This holistic view is essential. As AI leaders like Sam Altman have predicted, “The cost of intelligence should eventually converge to near the cost of electricity.”. Measuring Intelligence per Joule is therefore paramount for enterprises seeking to optimize their AI investments and operational costs. This energy savings has been critical for many of our SambaManaged customers that need an energy efficient inference solution.
The SambaNova Difference: A System Engineered for Value
This efficiency stems from the architecture of the SambaNova SN40L Reconfigurable Dataflow Unit (RDU). Unlike GPU architectures, which can create bottlenecks, the RDU functions like an AI assembly line. Data flows seamlessly on-chip from one operation to the next, computing where it resides. This results in higher utilization and significantly lower sustained power, moving beyond theoretical peak performance to deliver consistent, real-world efficiency.
Conclusion: Value Is an Integrated Outcome
The era of evaluating AI infrastructure on disaggregated components is over. True value emerges from the synergy between model, software, and hardware. In a report released today, Hazy Research confirms Intelligence per Joule is the first metric sophisticated enough to measure that synergy.
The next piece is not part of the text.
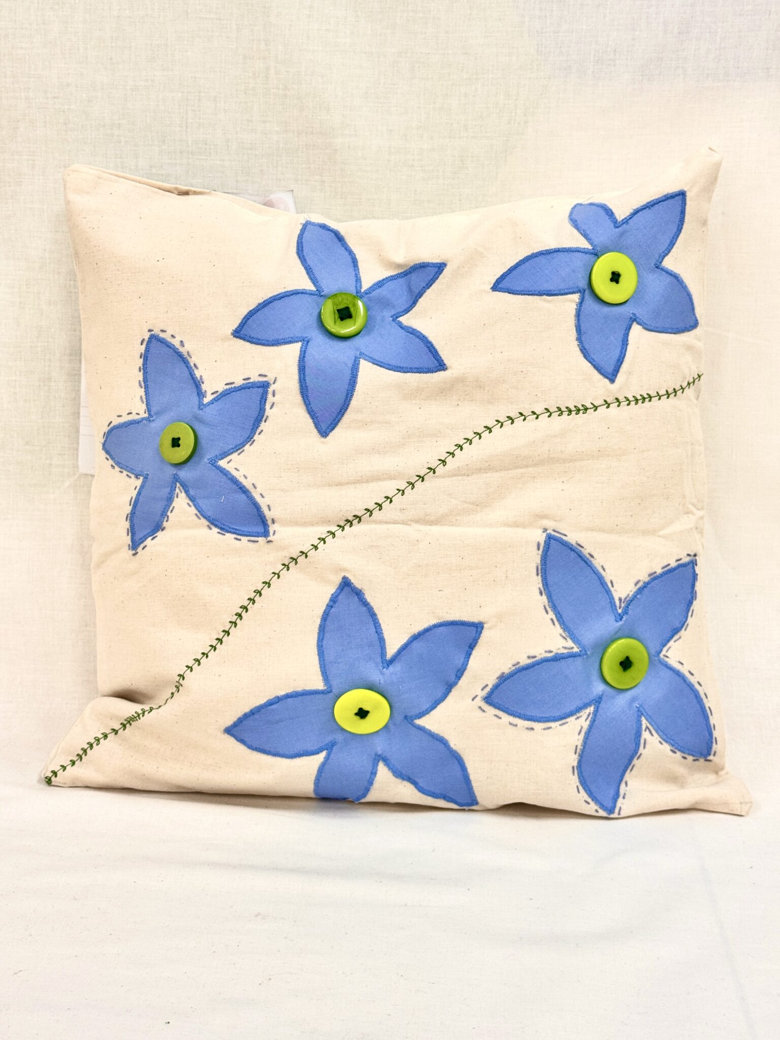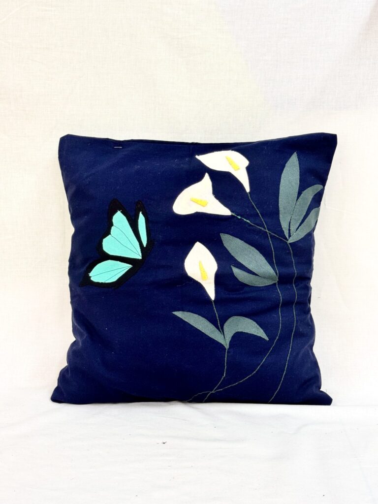Eva received Third Prize in Stage 4 for her beautifully constructed cushion titled The Blue Star Stitch. Drawing inspiration from botanicals, Eva incorporated five blue star creeper flowers against a soft beige background. The striking cobalt blue tones created visual contrast, while embroidered outlines and leaf stitching enhanced the botanical theme. The addition of button centres introduced a subtle three-dimensional element, elevating the overall craftsmanship. Eva’s design showcased careful attention to detail and a strong understanding of composition.

The report of their findings is available for download.
For the purpose of this research, SambaNova measured energy efficiency in a way that compares apples to apples with local computers like Apple’s M4, but as the report suggests, there are even better ways to efficiently use SambaRacks and SN40L RDUs with model bundling. We are proud to be paving the way for the industry to be building out more AI compute in power constrained environments and data centers.